# Route 66



## Manila-X (Jul 28, 2005)

Has anyone here travelled through Route 66?

For those who don't know, it was a historic highway system that runs from Chicago, IL. to Los Angeles, CA. (Santa Monica). The highway also passes through Missouri, Kansas, Oklahoma, Texas, New Mexico and Arizona. 

From Wikipedia

*Route 66 was a major migratory path west, especially during the dust bowl, and supported the economies of the communities on which the road passed. People became prosperous due to the growing popularity of the highway, and those same people later fought to keep the highway alive even with the growing threat of the new Interstate Highway System.

US 66 was officially decommissioned (that is, officially removed from the US Highway System) in 1985 after it was decided the route was no longer relevant and had been replaced by the Interstate Highway System. The road currently exists as "Historic Route 66", a National Scenic Byway, in the states it once crossed on its journey from Chicago to Santa Monica.*


----------



## Manila-X (Jul 28, 2005)

*Along Route 66*


----------



## xzmattzx (Dec 24, 2004)

i've never been on route 66 (or even driven on any road not on the east coast), but i'd like to go on route 66 some day. i hear there are many ghost towns near route 66 and other desert roads in northern arizona. if i ever have time on a future trip to las vegas, i'd like to go see those ghost towns.


----------



## dmg1mn (Oct 1, 2005)

I would like to do it sometime.


----------



## NiekNL (Sep 28, 2005)

We drove route 66 (my dad), from Barstow untill the Sant Gabriel mountains where we took the highway to LA. (2002) The road was not that special, but the feeling you were ON highway 66 was fantastic.


----------



## spyguy (Apr 16, 2005)

Doesn't it eventually become a bike path or something?


----------



## Jules (Jun 27, 2004)

Route 66 goes right through downtown Chicago!? Wow, I guess you learn something new everyday.


----------



## Manila-X (Jul 28, 2005)

RP1 said:


> Route 66 goes right through downtown Chicago!? Wow, I guess you learn something new everyday.

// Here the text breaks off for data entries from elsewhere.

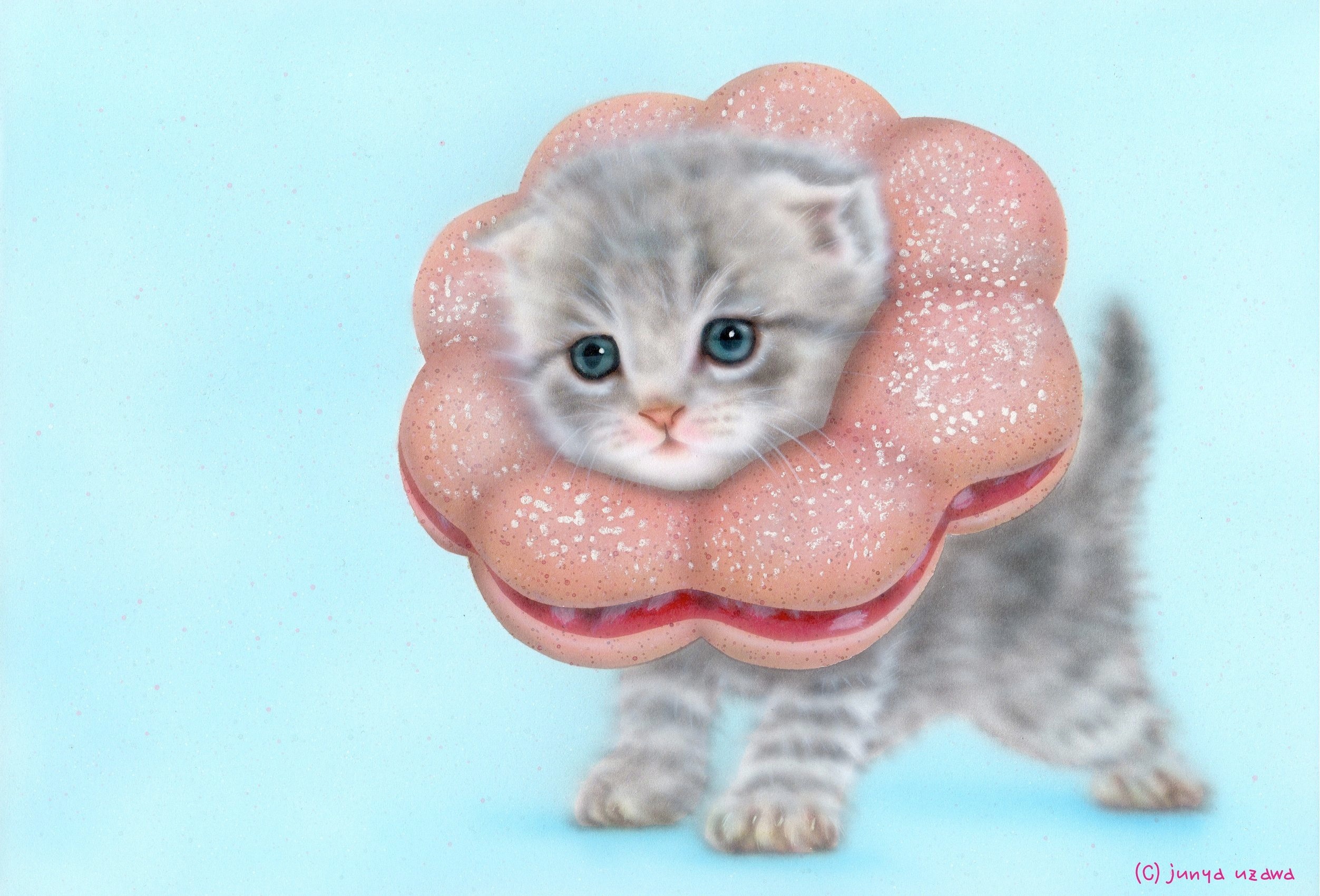 前作の「ポンデニャイオン:さくらんぼ」と比べ、ドーナツ部分は似ていますが、サンドされている具が多めなので描くのが楽しかったです。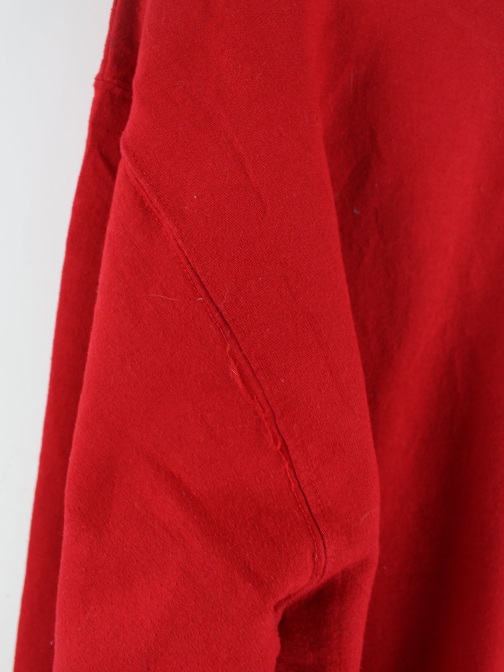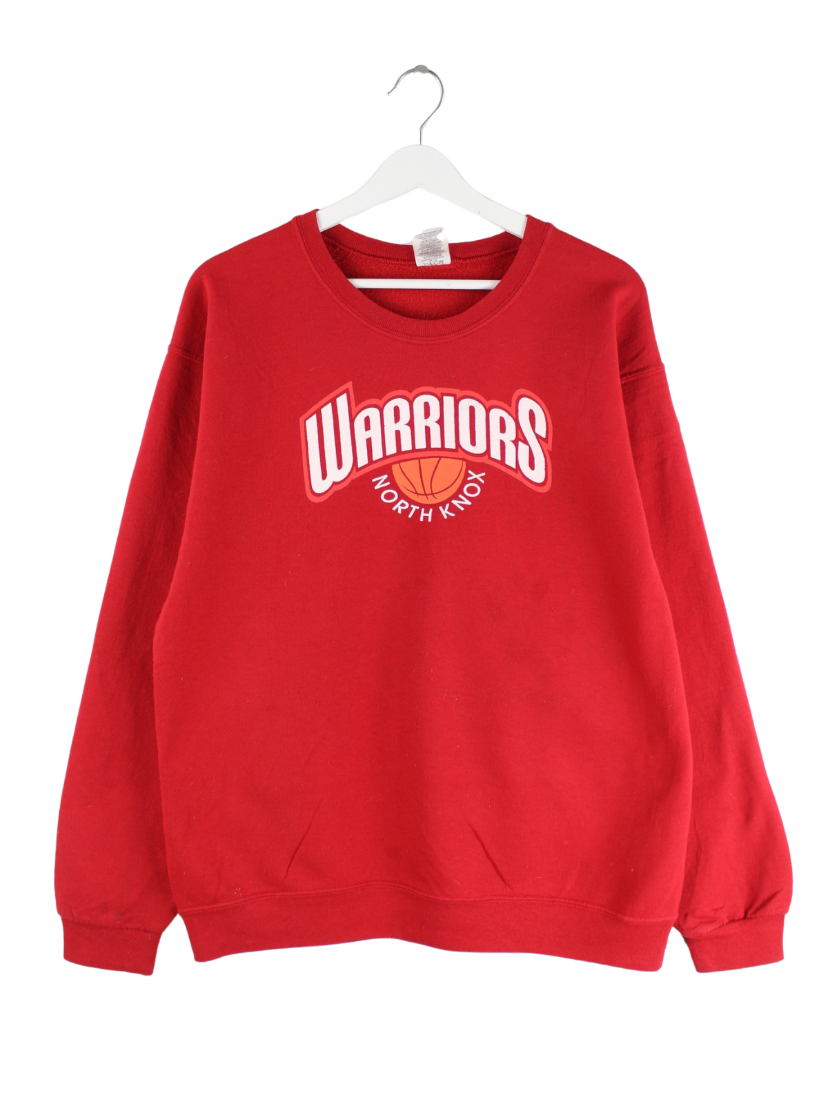Roter Sweater vom Label Jerzees aus den 90'ern in Größe L. Er ist aus einer Baumwollmischung angefertigt. Den Zustand würden wir als 'In Ordnung' bezeichnen (vergl. Bilder).Mit chiquem Warriors Print.
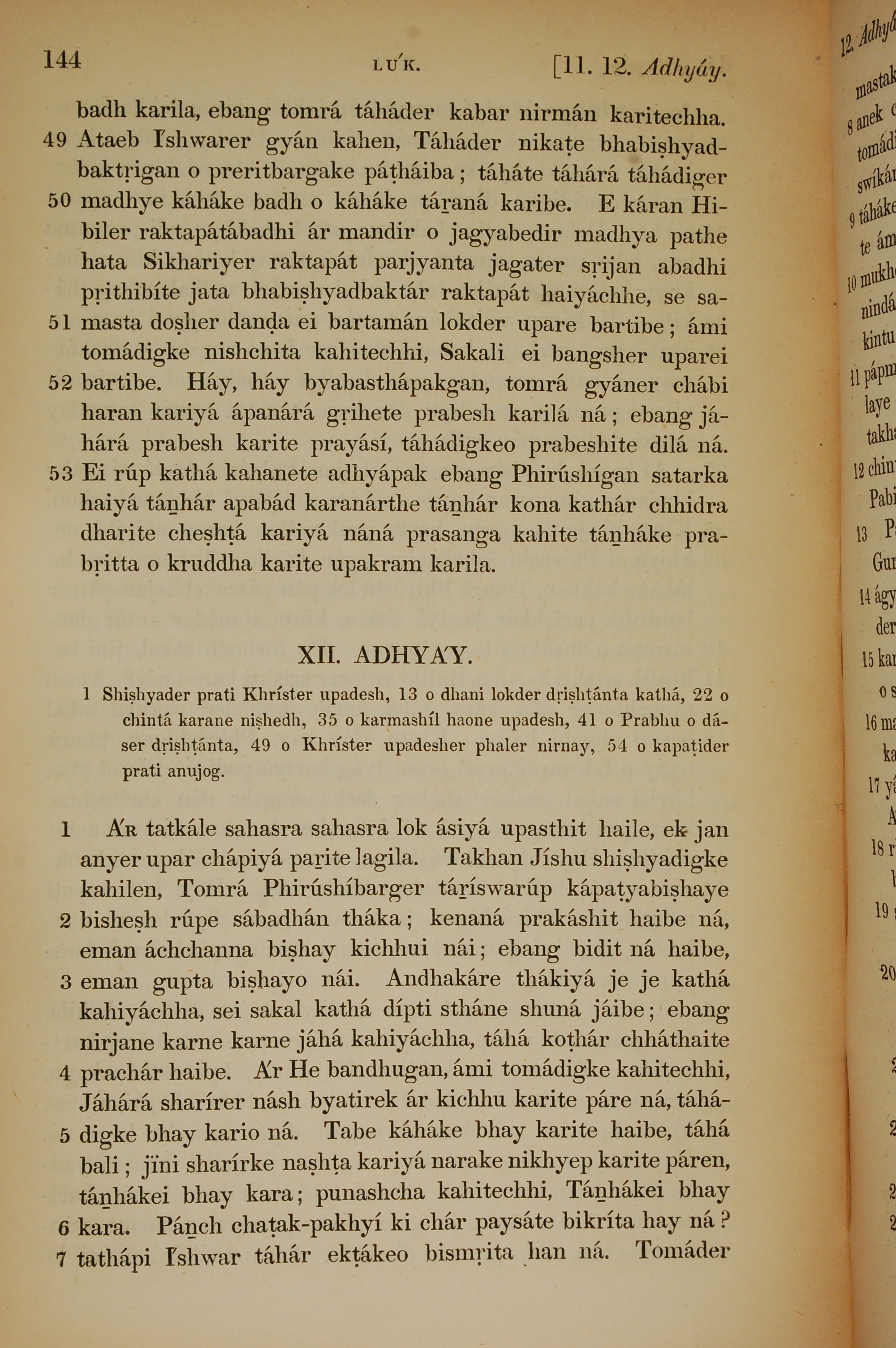 1839年孟加拉語新約全書 路加福音 11 章 49 節到 12 章 7 節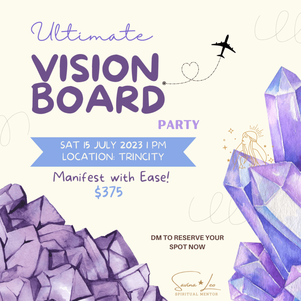 Come create a stunning & inspirational Vision Board with your favorite spicy Spiritual Mentor Savina Leo. ???? Saturday, July 15th, 2023 1 pm $375tt Trincity You will be provided with:

It's where it actually starts. Anyway, I've passed through the one in Santa Monica where it ends but hopefully would try travelling through it starting from Chicago.


----------



## Nutterbug (Feb 3, 2005)

xzmattzx said:


> i've never been on route 66 (or even driven on any road not on the east coast), but i'd like to go on route 66 some day. i hear there are many ghost towns near route 66 and other desert roads in northern arizona. if i ever have time on a future trip to las vegas, i'd like to go see those ghost towns.

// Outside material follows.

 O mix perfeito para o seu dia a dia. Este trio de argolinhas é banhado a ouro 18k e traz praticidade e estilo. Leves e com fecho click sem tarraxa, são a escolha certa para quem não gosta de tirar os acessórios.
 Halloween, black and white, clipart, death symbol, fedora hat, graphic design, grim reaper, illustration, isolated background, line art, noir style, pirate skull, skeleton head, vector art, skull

Did Interstates kill those towns?


----------



## Jules (Jun 27, 2004)

WANCH said:


> It's where it actually starts. Anyway, I've passed through the one in Santa Monica where it ends but hopefully would try travelling through it starting from Chicago.

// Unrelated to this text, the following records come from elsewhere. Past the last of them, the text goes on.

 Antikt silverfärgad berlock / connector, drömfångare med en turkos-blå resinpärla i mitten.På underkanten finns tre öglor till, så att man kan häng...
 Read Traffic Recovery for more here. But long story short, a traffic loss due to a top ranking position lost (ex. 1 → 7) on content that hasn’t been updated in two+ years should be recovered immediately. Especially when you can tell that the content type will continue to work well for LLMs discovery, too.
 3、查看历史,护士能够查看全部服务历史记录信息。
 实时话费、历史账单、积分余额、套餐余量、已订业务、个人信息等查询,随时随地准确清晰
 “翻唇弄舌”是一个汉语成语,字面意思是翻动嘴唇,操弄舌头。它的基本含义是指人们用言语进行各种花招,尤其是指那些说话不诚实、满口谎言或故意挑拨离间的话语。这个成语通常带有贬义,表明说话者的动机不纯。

I can't believe I never knew that. I've always heard about this famous route 66 but never had any clue it goes through my own backyard. Cool!


----------



## xzmattzx (Dec 24, 2004)

Nutterbug said:


> Did Interstates kill those towns?


some yes, but the ghost towns i'm referring to are real ghost towns from the early 1900's. these towns flourished when silver or copper or something else was found nearby, then the town died when the raw materials ran out. most of these are way off the beaten path, sometimes miles from any paved road.


----------



## svs (Dec 5, 2005)

I was born a couple of mile from the start of route 66 in Chicago and currently live a few miles from the end in Santa Monica. I had the privilege of driving the mother road from LA to Chicago in the fifties when 66 was in its prime. I remember the Tepee motels, the reptile ranches, the Indian villages, and caves where Jesse JAmes supposedly hung out. 

There are still recognizable parts of the old road in LA county, Albequerque, St. Louis etc. If you check out the street across from the Chicago art Institute, you can see a little sign marking the start of the road, and there is a plaque in the park where Santa Monica Blvd. hits Ocean avenue in Santa Monica marking the end.


----------



## Manila-X (Jul 28, 2005)

BTW, the areas within Route 66 reminds me of the environment set in the movie, Natural Born Killers.


----------